5. The method of claim 4 including the further step of classifying frame distortion severity.

6. The method of claim 1 including the further step of generating the data model for measuring speech quality from the clean speech signal and the degraded speech signal.

7. The method of claim 6 including the further step of employing at least one statistical data mining technique on the features to identify a subset of more significant features.

8. The method of claim 1 including the further step calculating a weighted combination of the identified subset of features operable as a data model for estimating subjective listening scores.

9. The method of claim 6 wherein the statistical data mining technique includes one or more of Multivariate Adaptive Regression Splines (“MARS”) and Classification and Regression Trees (“CART”).
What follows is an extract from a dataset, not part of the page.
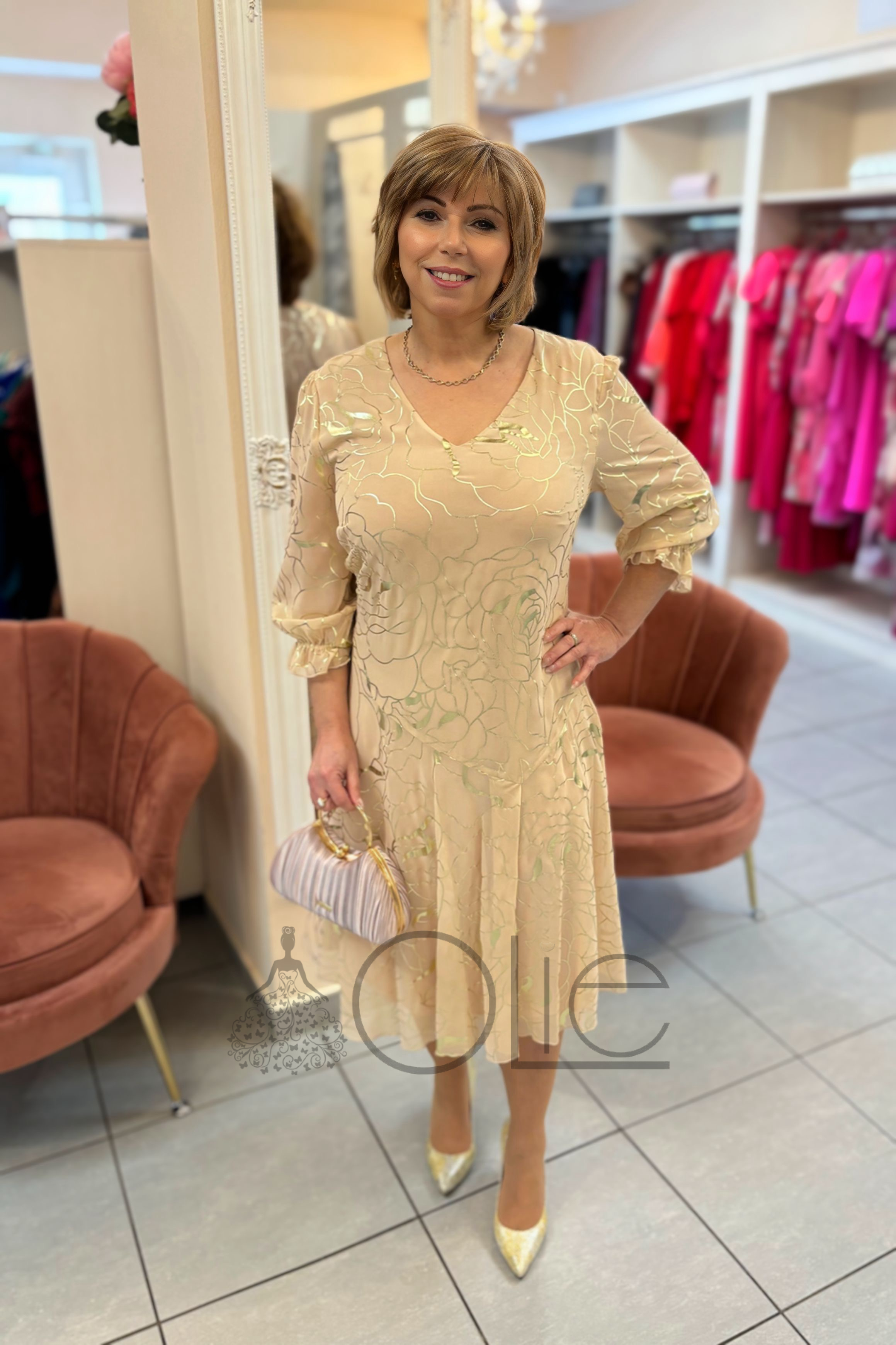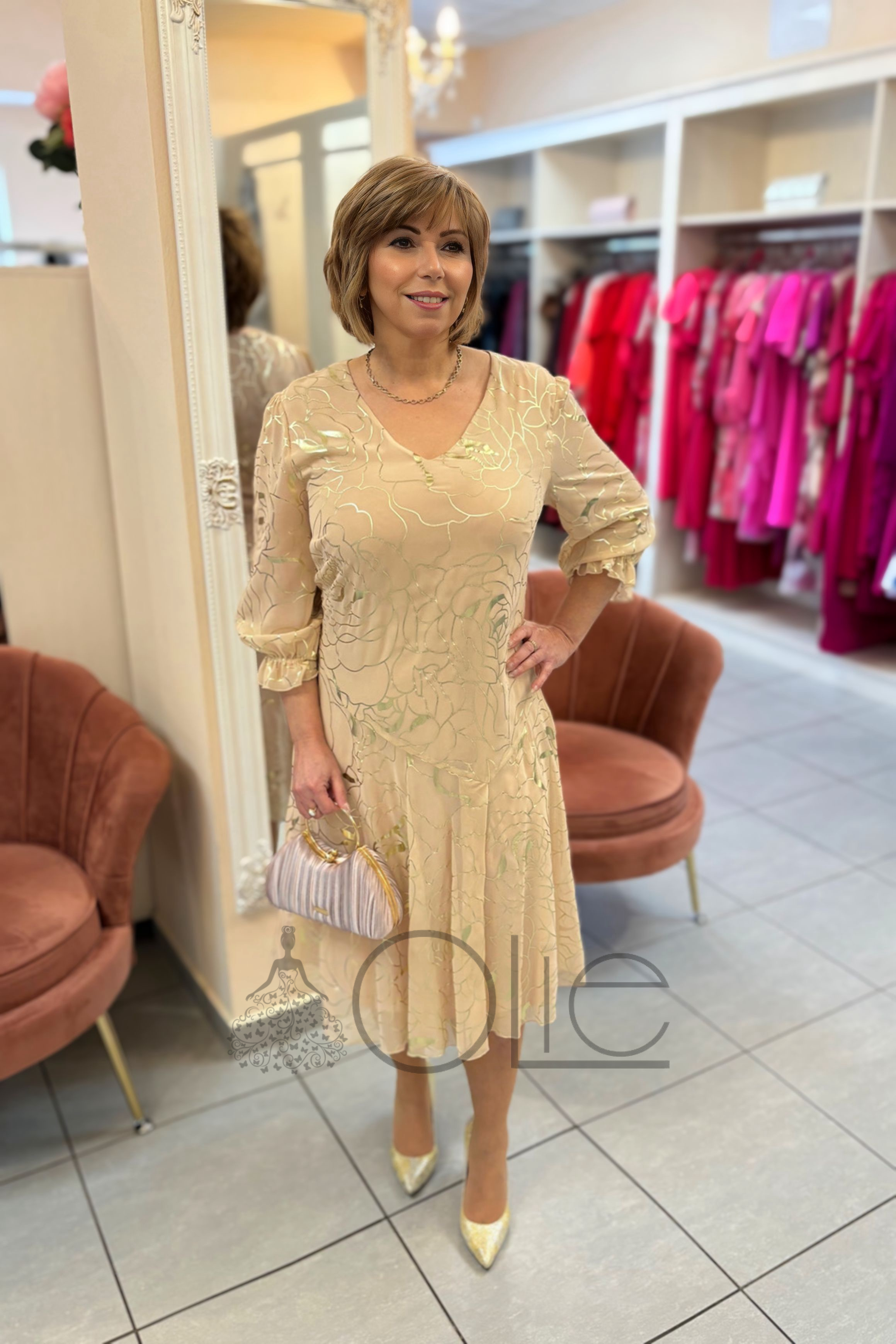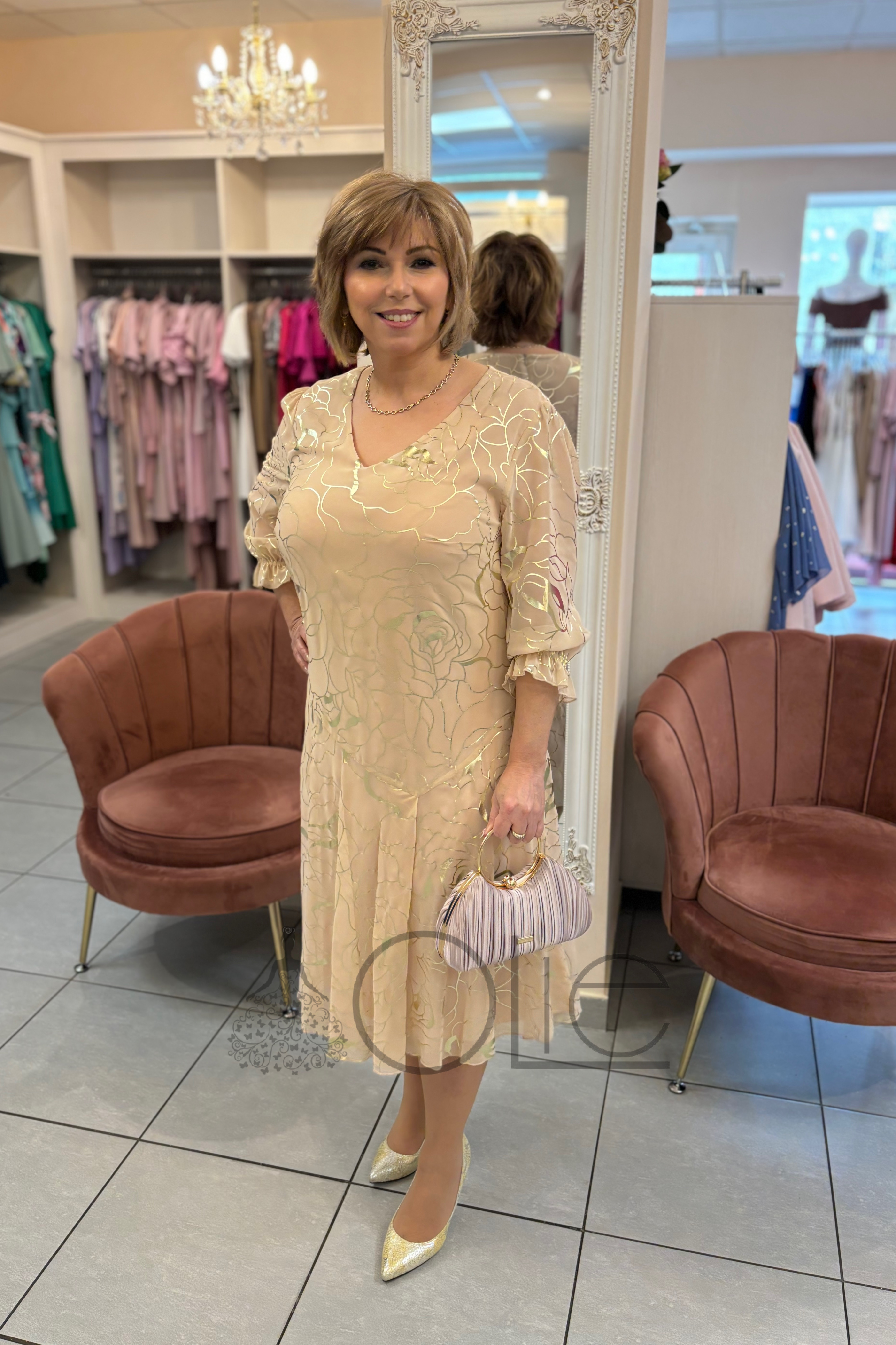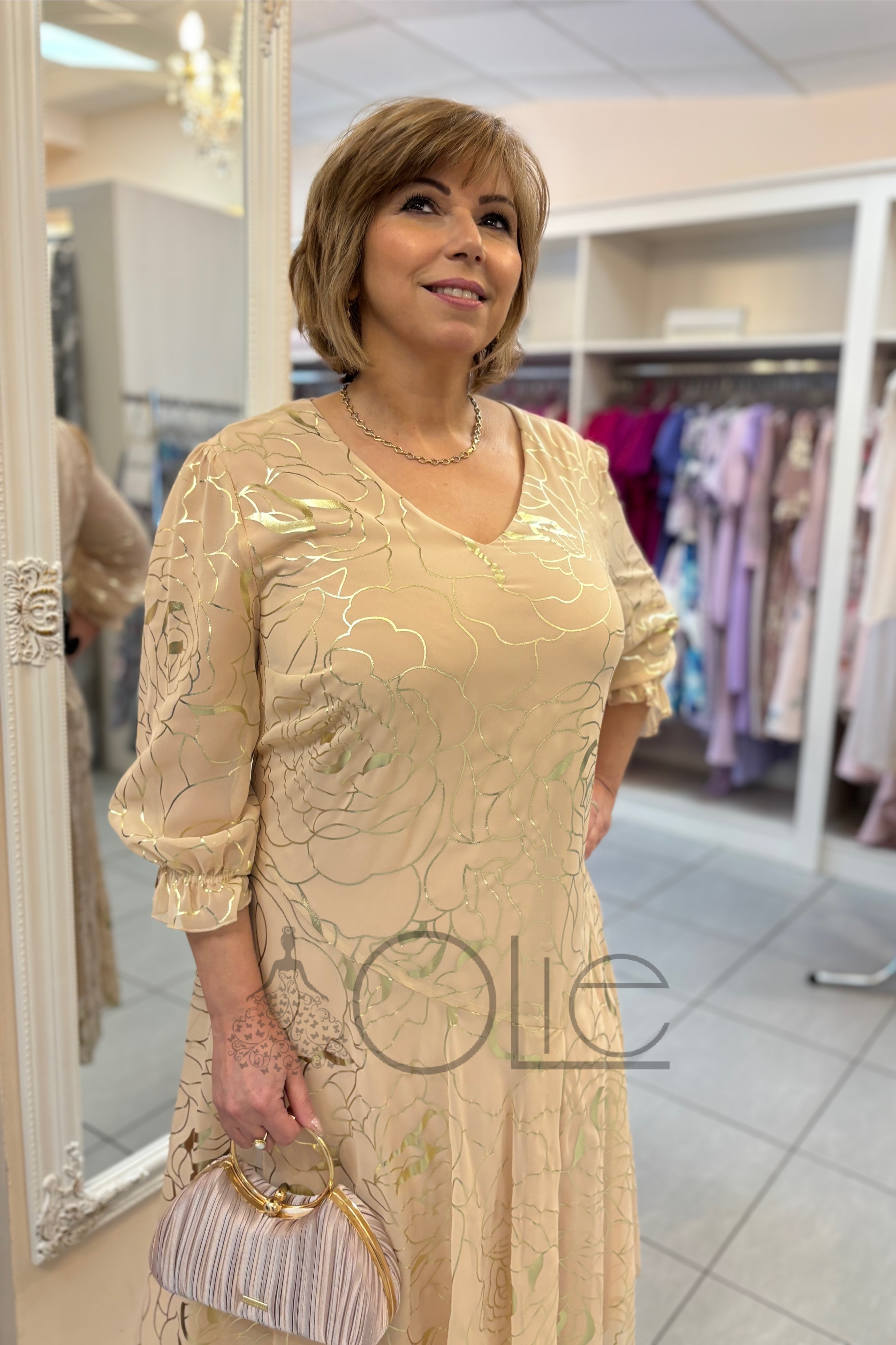 Tieto tenké šifónové spoločenské šaty na svadbu sú ideálnou voľbou pre ženy, ktoré hľadajú eleganciu, pohodlie a nadčasový štýl. Jemný béžovo-zlatý odtieň s decentným vzorom dodáva šatám luxusný a slávnostný vzhľad, vďaka čomu sú perfektné ako šaty pre svadobnú mamu, šaty pre hostí na svadbu, šaty na oslavu alebo rodinné spoločenské udalosti.

10. The method of claim 8 including the further step of employing the data model to produce an estimate of subjective listening score for a speech signal that was not employed for generating the data model.

11. A computer program operable to use a data model for measuring speech quality from a clean speech signal and a degraded speech signal, comprising:

logic operable to perform auditory processing of the clean speech signal, thereby producing a subband decomposition of the clean speech signal;

logic operable to perform auditory processing of the degraded speech signal, thereby producing a subband decomposition of the degraded speech signal; and

logic operable to perform cognitive mapping based on the clean speech signal, the subband decomposition of the clean speech signal, and the subband decomposition of the degraded speech signal.

12. The computer program of claim 11 further including logic operable to aggregate cognitively similar distortions through segmentation and classification.

13. The computer program of claim 12 further including logic operable to calculate the absolute difference between the subband decomposition of the clean speech signal and the subband decomposition of the degraded speech signal.

14. The computer program of claim 13 further including logic operable to perform time domain segmentation based on voice activity detection.

15. The computer program of claim 14 further including logic operable to classify frame distortion severity.

16. The computer program of claim 15 further including logic operable to generate the data model for measuring speech quality from the clean speech signal and the degraded speech signal.

17. The computer program of claim 16 further including logic operable to employ at least one statistical data mining technique on the features to identify a subset of more significant features.

18. The computer program of claim 17 further including logic operable to calculate a weighted combination of the identified subset of features operable as a data model for estimating subjective listening scores.

19. The computer program of claim 17 wherein the statistical data mining technique includes one or more of Multivariate Adaptive Regression Splines (“MARS”) and Classification and Regression Trees (“CART”).

20. The computer program of claim 18 further including logic operable to employ the data model to produce an estimate of subjective listening score for a speech signal that was not employed for generating the data model.